What Does This Mean?

I am not an HRV, nor an Oura expert. I work with them, and I include many of their experts as friends. The data gleaned from wearables is now being used in actual studies because the tech is getting really good. But I’m still just one person – and the scientists who work to use Oura data don’t need to be bothered by my small self-experimentation.

But – in terms of consistency of a repeatable experiment – the above HRV alterations are completely uniform. I waited to release this post until I was a) out of London and b) in somewhere I felt more relaxed and c) had had BOTH types of adjustment (from the same chiropractor) in ALL of these scenarios.

Every time, without fail, the above happens. Chiropractic consistently, reliably and uniformly alters Heart Rate Variability.
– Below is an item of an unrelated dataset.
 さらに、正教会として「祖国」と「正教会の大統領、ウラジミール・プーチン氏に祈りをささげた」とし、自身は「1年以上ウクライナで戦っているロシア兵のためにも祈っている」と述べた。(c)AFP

It’s funny because I also understand that the impact may even be completely diametrically opposed for someone else. However, what I would expect, after months of tracking this, is that chiropractic adjustments WILL alter HRV – in SOME way.
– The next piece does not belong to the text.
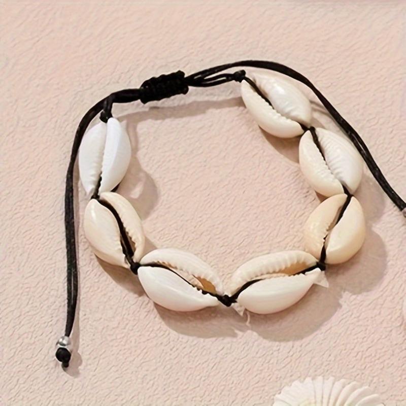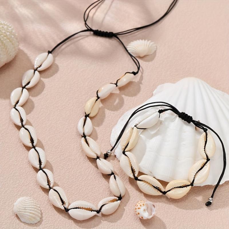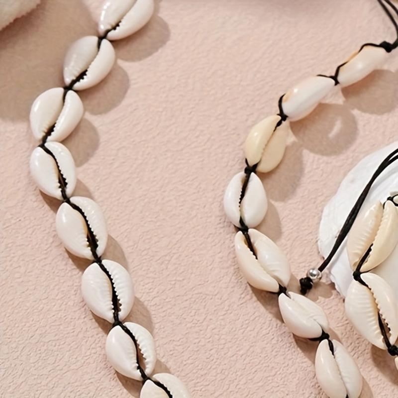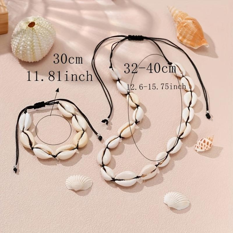 Elevate your beach vacation look with this bohemian style set featuring natural cowrie shells. The adjustable polyester rope ensures a comfortable fit.

Dr Caley doesn’t know I’ve been evaluating his discipline like this. And, truth be told, I wouldn’t personally have cared if I had seen NOTHING from this data because how I FEEL after adjustments is everything.
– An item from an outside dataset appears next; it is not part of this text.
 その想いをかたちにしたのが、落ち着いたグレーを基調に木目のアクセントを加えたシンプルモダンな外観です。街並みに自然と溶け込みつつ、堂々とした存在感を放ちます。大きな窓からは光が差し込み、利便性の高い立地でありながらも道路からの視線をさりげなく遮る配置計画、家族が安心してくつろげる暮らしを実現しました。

However, to those patients (and IG followers) who I am irritating with my chiropractic posts… THIS is why. If I recommend a supplement to you, you won’t see this direct result. If I recommend a dietary strategy, you won’t see such swift or observable results at all.

This experience of mine – both personally, but also through the data I have been gathering – has completely affirmed my physical, lived experience. This chiropractic work – specifically Gonstead (don’t tell Dr Caley, but I cheated on him during this process and NOTHING happened with my HRV 😉) – makes a huge difference. There is a majesty in connection – internally, throughout your own nervous system, and then to the outside world. It completely changes your neurological responses. And that, in turn, transforms your Health.

This is why I work very hard to find chiropractic and physiological support for Aletheia patients – wherever they are in the world. The body keeps the score, holds the wounds and feels the fears. True Health strategies MUST include for physiological support, and preferably vertebral adjustments – to facilitate the finding of neurological alignment and connection. With this foundation of connection, the body itself can access Healing. It happens no other way.